Młode Wilki #2: kwiecień 2010


W tym miesiącu byliśmy wyjątkowo niezgodni co do oceny poszczególnych artystów, toteż wybór nowych twarzy MW okazał się wcale nie łatwy. Ostatecznie udało nam się wyłonić kilka pozycji generujących szersze poparcie, wśród nich być może jedne z lepszych utworów roku. Tym bardziej polecamy je waszej uwadze!

Mighty Mouse - Song For Ellen

Walas: Revival disco odbywa się głównie na płaszczyźnie muzyki klubowej. Łatwo się domyślić dlaczego – nie ma muzyki o większym ładunku tanecznym niż disco. Jednak pewnym rozczarowaniem jest fakt, że po odwołania do tej stylistyki bardzo rzadko (jak do tej pory) sięgają artyści popowi, grzęznąć na mieliźnie upraszczonego i zubożonego dla własnych potrzeb r’n’b, hip-hopu, euro-dance’u i electro, nie zauważając zupełnie popowego potencjału lat 70. Pomimo, że Armand Van Helden to DJ komercyjny, jego disco-house’owy projekt Duck Sauce wciąż pozostaje kolaboracją niszową, o której słyszało niewiele więcej osób niż o tej z Bangalterem i Sanchezem. Revival ten funkcjonuje więc w pewnych ograniczonych kręgach, które można podzielić na dwie grupy – jedna z nich to kontynuatorzy tradycji nowojorskiego house’u, kultywujący organiczność brzmienia i sięgający po post-disco spopularyzowane przez Larrego Levana oraz zahaczający o french-touchową stylistykę przełomu lat 90. i 00. Druga grupa to ci skupiający się wokół moroderowskiego spojrzenia na disco, a także italo, elektro-funk i space-disco, czyli Lindstrom, Prins Thomas, Aeroplane, Dam-Funk, Italians Do It Better etc. Hedkandi wrzuciłoby ich pewnie do wora z napisem „nu-italo”. Do tej właśnie drużyny niedawno dołączyli londyńczycy z Mighty Mouse (jak ta super mysz z komiksów Marvela!), którzy już w krótkim czasie od rozpoczęcia działalności osiągnęli spory sukces kompilacją „Disco Circus Vol. 1” z 2009 r. W czerwcu ma się pojawić ich druga EP-ka, w oczekiwaniu na nią możemy posłuchać fajowego mixtape’a zaledwie sprzed tygodnia, remixów przy których pomagali im chłopaki z Aeroplane oraz singla „Song For Ellen”, który zdobył uznanie BBC1 i Mixmaga. Brakuje im jeszcze pewności i wyrazistego stylu, który od razu zauważa się słuchając Holy Ghost, czy Crazy P, ale Mighty Mouse mają potencjał, dlatego warto śledzić ich kolejne kroki.

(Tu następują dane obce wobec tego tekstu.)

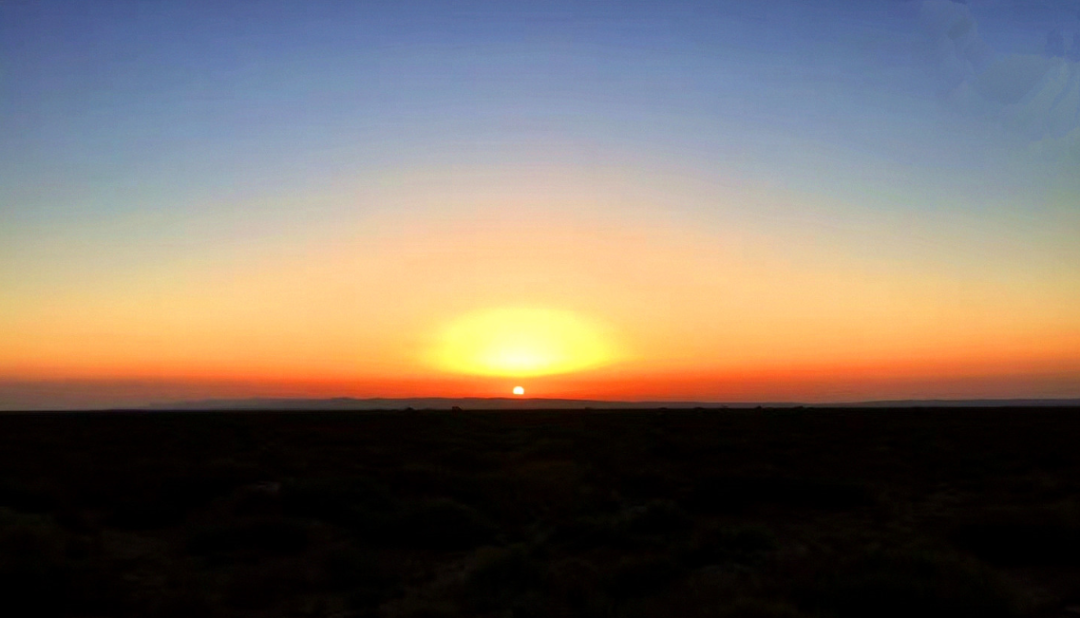 继续南行中,车内再度响起了《橄榄树》——那悠扬柔美的歌声,那茂密可爱的橄榄树,青翠椰枣树,还有那高挑的仙人掌绿篱缀满诱人的红色鲜果,都一一牢记在心,难以忘怀。渐渐地,我们一行进入了浩瀚的大戈壁,绿色的植物减少了,一丛丛耐旱的植被则不时出现了……
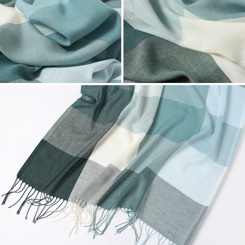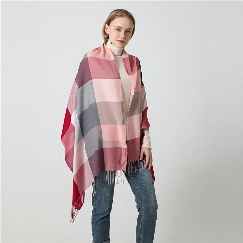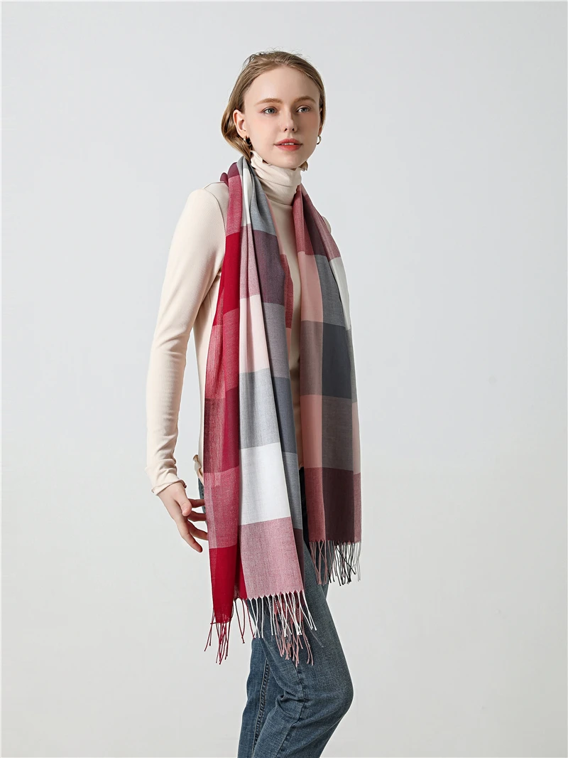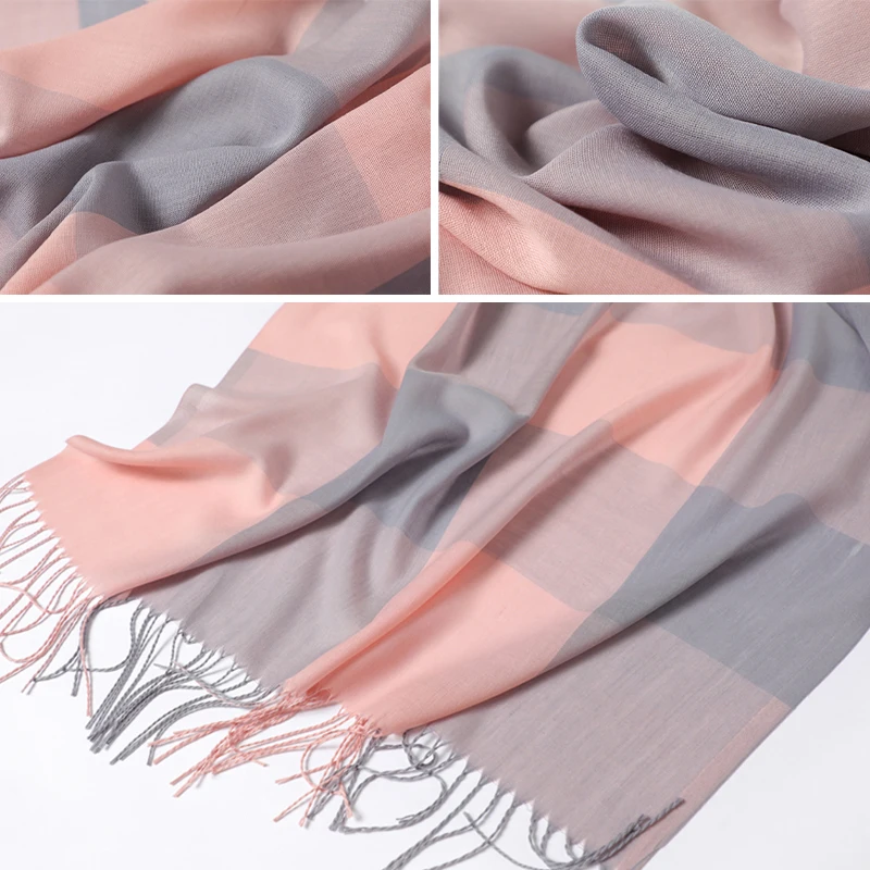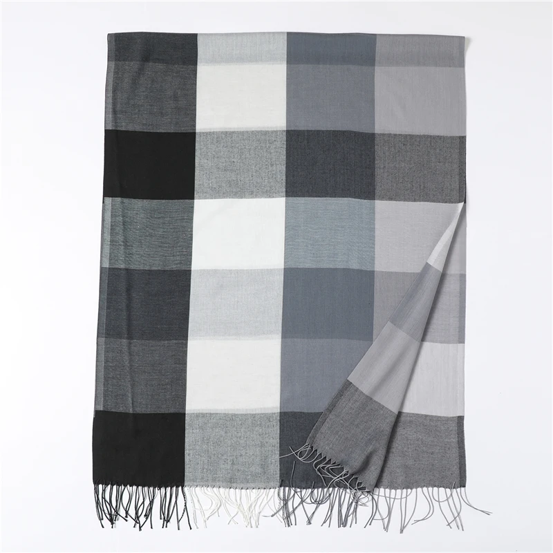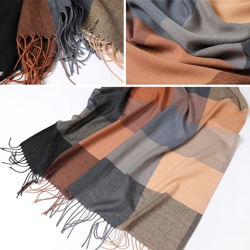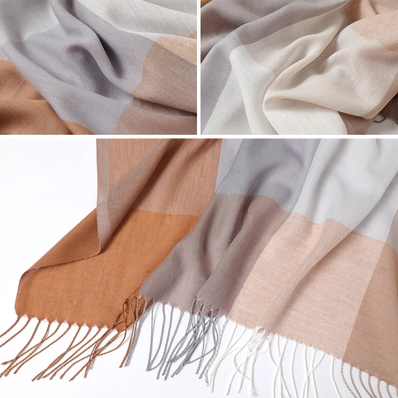 Шарф-Хиджаб Женский в клетку, Пашмина, дамские шали из фуляра, головная повязка с кисточками, кашемировые зимние шарфы, теплые женские шарфы, бандана, 2021

Sajewicz: Nie mogę zgodzić się z Kasią, że we współczesnym tanecznym popie disco jest niedowartościowane. Prototypów takich zeszłorocznych zajawek jak „Down In LA”, „Ready For The Weekend” czy „Jackie” należy szukać nie w latach 80., ale w 70. właśnie, a i w tym roku co rusz trafiam na myspace’owe gwiazdy nie potrafiące (nie chcące?) wyjść poza schemat rytmu four-to-the-floor, podcinających gitar, czy quasi-funkowego bassu (Russ Chimes, Bottin & Rodion etc.) – nawet jeśli smyki zastąpiono ostrymi syntezatorami, a kick-drum, tłustym beatem. Zatem Mighty Mouse – re-editując belgijski utwór z ’78 r. (bo tym właśnie „Song For Ellen” jest) – nieszczególnie zaskakują. Ich fajność bierze się z fajności oryginału, ale też ze zgrabnego operowania mechaniczną strukturą na granicy kiczowatego eurodance’u [wcześniej napisałem „techniawki”, ale Walas grożąco pokiwała palcem]. Tak czy inaczej naiwne latino zżera totalnie. Czekam na więcej.

Wolf Gang - Back To Back

Sajewicz: Mam wrażenie, że Wolf Gang jest wszystkim tym, czym na nowym albumie chcieliby być MGMT, ale nie potrafią. „Dziewicza” partia wokalna położona na tych ogromnych bębnach to jest czterominutowa diagnoza całej młodej społeczności indie – tkwi w niej taka sama sprzeczność, jak w postawie dzieciaków, którzy z jednej strony tęsknią za wielkimi miłościami i poetycką wrażliwością, a z drugiej – jak aforycznie rzekł Kamil Bałuk – „trzy godziny pizdrzą się przed lustrem, by potem skurwić w ciągu jednej”. Tyle że na płaszczyźnie sztuki, podobne sprzeczności skutkują artystycznym katharsis, a nie vulgaris. Krótko mówiąc: jeden z najlepszych utworów roku!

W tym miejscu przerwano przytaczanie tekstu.